Fig. 2: different yeasts are added with 2g.L -1 Fermenting in jowar juice culture medium for 3 days (a) and 6 days (b) to degrade ethyl acetate; wherein n.g. represents Nakaseomyces glabratus LBM, c.m. represents Candida membranifaciens LBM137, c.o. represents Candida orthopsilosis LBM225,225, c.t. represents Candida tropicalis LBM101,101, w.a. represents Wickerhamomyces anomalus.
Detailed Description
Culture medium:
YPD liquid Medium (g.L) -1 ): peptone 20, glucose 20, yeast extract 10.
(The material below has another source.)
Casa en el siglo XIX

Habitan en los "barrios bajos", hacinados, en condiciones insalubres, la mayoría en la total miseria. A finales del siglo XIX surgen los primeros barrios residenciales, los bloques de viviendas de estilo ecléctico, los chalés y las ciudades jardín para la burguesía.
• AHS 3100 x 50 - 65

Sorghum juice medium: crushing sorghum properly, and mixing the crushed sorghum with water according to a feed liquid ratio of 1:4 (w/v), soaking overnight, adding appropriate amount of high temperature resistant alpha-amylase (30U.g) -1 Sorghum), stirring uniformly, sterilizing at 105 ℃ for 1h in a high-temperature sterilizing pot, adding a proper amount of high-temperature resistant alpha-amylase, adding deionized water with 1-2 times of volume, heating and boiling for 2h, cooling to 60 ℃, and adding a proper amount of saccharifying enzyme (300 U.g) -1 Sorghum), saccharifying for 4h at 60 ℃ after stirring uniformly, squeezing juice with 2 layers of gauze, and filtering, wherein 6000 r.min -1 Centrifuging for 10min, collecting supernatant, and freezing at-20deg.C. Before use, the sugar degree was diluted to 7℃bx and the mixture was dispensed into 250mL Erlenmeyer flasks.
Molasses culture medium (g.L) -1 ): molasses 80, magnesium sulfate 0.2, ammonium sulfate 3 and monopotassium phosphate 3.
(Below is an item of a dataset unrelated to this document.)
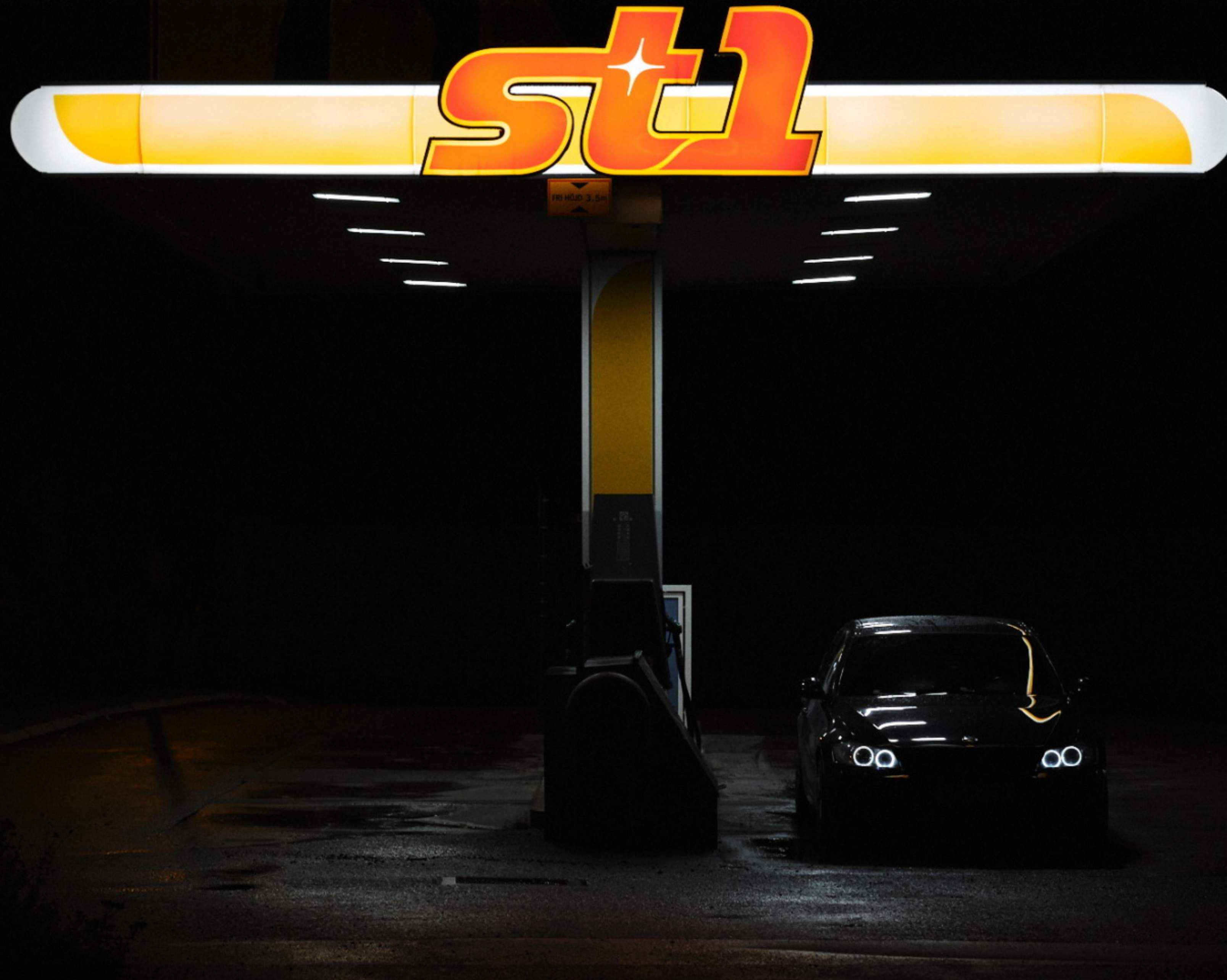
DIFO DIPLOM En estetisk och avskalad bild.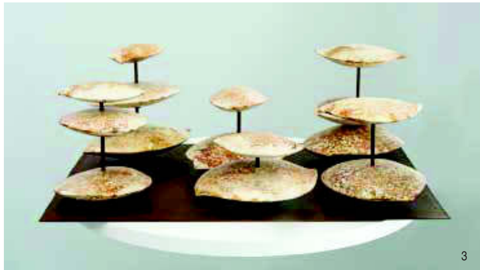
Foto 1: Isabel Alfaro. "Yo< >Yo". Primer Premio de la Bienal Internacional de Cerámica de El Vendrell (Tarragona). Foto 2: Silvia Granata. "23". Tercer Premio de la Bienal Internacional de Cerámica de El Vendrell (Tarragona). Foto 3: Rafaela Castro. "Jardín etéreo". Premio Local del Concurso de Alfarería y Cerámica de La Rambla (Córdoba).

Los premios de Cerámica artística son de creación libre y el de diseño de producto cerámico puede ser artesanal o industrial. La entrega de premios se hará el 10 de noviembre de 2017 ( www.manises-bienal.com ).

Example 1: isolation and identification of functional microorganisms inhibiting ethyl acetate production
(1) Isolation of strains: 10g of fresh fermented grains are suspended in 100mL of 0.9% NaCl solution, coated with a solid culture medium and placed in a 30 ℃ incubator for static culture for 3 days; after streaking to obtain single colony, selecting single colony in YPD liquid culture medium, selecting 3 parallel plates, and heating at 30deg.C for 200r.min -1 Is cultured in a shaker for 1 day.
(2) Inoculating the cultured strains into jowar juice culture medium to obtain initial inoculation concentration of 2×10 5 CFU·mL -1 3 strains of bacteria are prepared in parallel, and fermentation is carried out for 6 days at 30 ℃.
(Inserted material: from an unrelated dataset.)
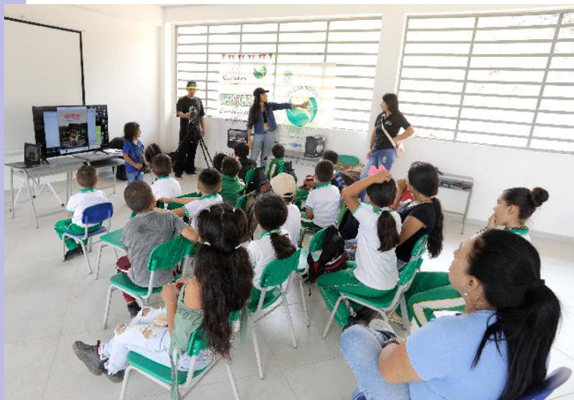
Escuela Audiovisual Voces del Pato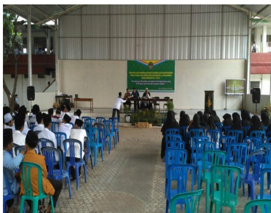
Gambar 3. Aula Ponpes Al Islahuddiny Lokasi Kegiatan Santripreneur

Berikut adalah rincian jumlah santri putra, putri dimasing-masing tingkatan, Madrasah Tsanawiyah (MTs) Putra berjumlah 381 santriwan (21%), MTs Putri berjumlah 350 santriwati (19%), Madrasah Aliyah (MA) Putra berjumlah 381 santriwan (21%), MA Putri berjumlah 331 santriwati (18%) dan Sekolah Tinggi Ilmu Dakwah (STID) berjumlah 385 mahasiswa/i (21%). Kegiatan santripreneur yang dilaksanakan BAKTI beberapa waktu lalu diikuti oleh perwakilan kelas dan tingkatan santri Ponpes Al – Islahuddiny. Pihak pondok pesantren sangat terbuka terhadap kegiatan /program yang dilakukan pemerintah, wujud keterbukaan itu terlihat dari fasilitasi tempat sosialisasi yang disediakan cukup luas untuk bisa menampung perwakilannya yang ikut dalam kegiatan tersebut. Berikut adalah dokumentasi kegiatan pelatihan wirausaha.

(3) Detection of ethyl acetate in fermentation broth after strain culture: sample and anhydrous diethyl ether according to 1:1, mixing and extracting ethyl acetate in proportion, taking the upper liquid, filtering by an organic filter head with the thickness of 0.22 mu m, and detecting by adopting a gas chromatography.
Chromatographic conditions:
hydrogen flame ionization detector (flame ionization detector, FID), carrier gas is high purity nitrogen (N) 2 ) CP-WAX 57CB chromatographic column (50 m×0.25mm×0.25 μm), sample inlet temperature 220 ℃, detector temperature 220 ℃, hydrogen flow 40mL min -1 Air flow rate 400 mL/min -1 Column flow 2.0mL min -1 Split ratio 5:1, sample injection amount is 1 mu L. The temperature rise program at the time of detection is: kept at 60℃for 5min.
(4) Identification of Strain ITS: and (3) centrifuging the fermentation liquor to obtain cell sediment, extracting genome, determining the ITS sequence of a conserved region to identify species, wherein the primer sequences for PCR are ITS1 (5'-TCCGTAGGTGAACCTGCGG-3', the sequence is shown as SEQ ID NO: 1) and ITS4 (5'-TCCTCCGCTTATTGATATGC-3', the sequence is shown as SEQ ID NO: 2).
The fungi in the fermented grains are separated, 31 strains of yeasts are obtained through preliminary colony morphology judgment and are compared with a Genbank database after ITS gene sequences are determined, the species are determined, and several strains which do not produce or produce ethyl acetate with low yield are obtained, and the results are shown in Table 1.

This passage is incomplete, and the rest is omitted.